Thursday, September 11, 2008
now you're gone,
i wonder why,
you left me here,
i think about it on and on and on and on again
i know you're never coming back,
i hope that you can hear me,
i'm waiting to hear from you
until i do
you're gone away
i'm left alone
a part of me is gone
and i'm not moving on
so wait for me
i know the day will come
i'll meet you there
no matter where life takes me to
i'll meet you there
and even if i meet you here.
i'll meet you there.
i wish i could have told you
the things i kept inside
now i guess its just too late
so many things remind me of you
i hope that you can hear me
i miss you
this is goodbye
one last time
you're gone away
i'm left alone
a part of me is gone
and i'm not moving on
i know the day will come
i'll meet you there
no matter where life takes me to
i'll meet you there
and even if i meet you here
i'll meet you there
no matter where life takes me to
i'll meet you there
and even if i meet you here
i'll meet you there
i'll meet you there...
and where i go you'll be there with me
forever you'll be right here with me
i'll meet you there no matter where life takes me to.
i'm sorry.
that day...i was confused that day cause of the way you spoke to me
its just i dunno what to do now.
its not your fault, never your fault.
somehow this kinda reminded me.about the past.

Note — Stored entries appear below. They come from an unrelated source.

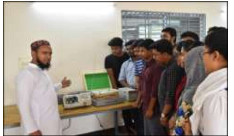
কমিউনিকেশন ইঞ্জিনিয়ারিং ল্যাব (ইইই)

দেশের বস্ত্র ও সহায়ক শিল্পখাতের কারখানা সমূহে প্রতিনিয়ত নিত্যনতুন বৈদ্যুতিক প্রযুক্তি উদ্ভাবিত হওয়ায় পর্যাপ্ত বৈদ্যুতিক প্রকৌশলী তৈরীর জন্য নিটারে ‘ইইই’ বিভাগ চালু করা হয়েছে। ‘ইইই’ বিভাগের গুরুত্বপূর্ণ ল্যাব সমূহের মধ্যে রয়েছে ইলেকট্রিক্যাল সার্কিটস/ইলেকট্রনিক্স/ভিএলএসআই ল্যাব, পাওয়ার সিস্টেম এন্ড কমিউনিকেশন ইঞ্জিনিয়ারিং ল্যাব, ইলেকট্রিক্যাল মেশিন এন্ড পাওয়ার ইলেকট্রনিক্স ল্যাব, কন্ট্রোল সিস্টেম এন্ড ইনস্ট্রুমেন্টেশন ল্যাব। সকল বিভাগ সমূহের কমন ল্যাবরেটরি হিসেবে রয়েছে রসায়ন ল্যাব, পদার্থবিজ্ঞান ল্যাব, মেকানিক্যাল ওয়ার্কশপ, ইঞ্জিনিয়ারিং ড্রয়িং/গ্রাফিক্স ল্যাব এবং অন্যান্য প্রয়োজনীয় ল্যাবরেটরি।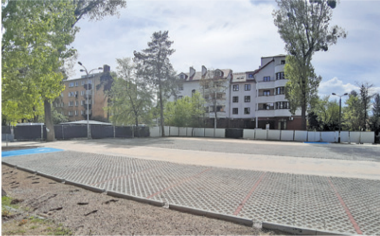
Prace budowlane trwały kilka tygodni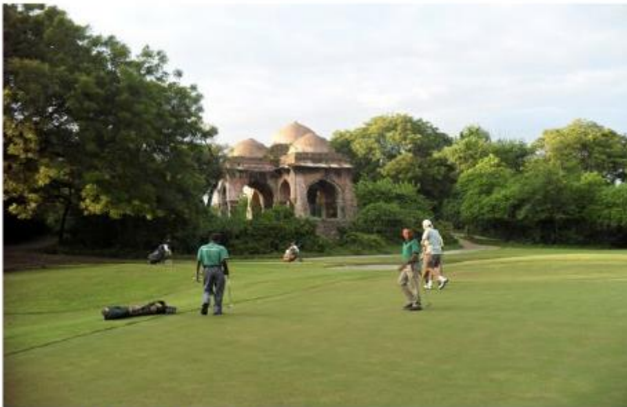
le parcours du Lodhi Golf Club

Parcours réputé de la ville de Delhi , ce golf dessiné par Peter Thomson existe depuis 1950. On aime tout particulièrement sa végétation exotique et ses temples hindous disséminés tout au long des 18 trous. Pour mieux l'appréhender, on organisera un séjour de quelques nuits dans les environs à l' hôtel Oberoi New Delhi par exemple.

i would post on my blog and you would post about it.
i know i'm boring and stuff its cause...
i'm afraid i might offend you or you might find me weird or smth.
its just...i dunno...
everything is going wrong now.
i wanted to show you a letter. but i told someone to get rid of it.
because i thought. that everything that i do now.. is meaningless.
nothing can change the fact that i am me. and he is he and you are you
i read everything you said over and over again maybe to see a hope.
everytime i read it i feel the pain i felt at that time again and again.
i don't know what you want.but i tried to find out.
i'm not open. but i'm learning from others.
its because... i've never been so close to someone before..
i miss you. but does it matter to you?
i promised you,but does it matter to you?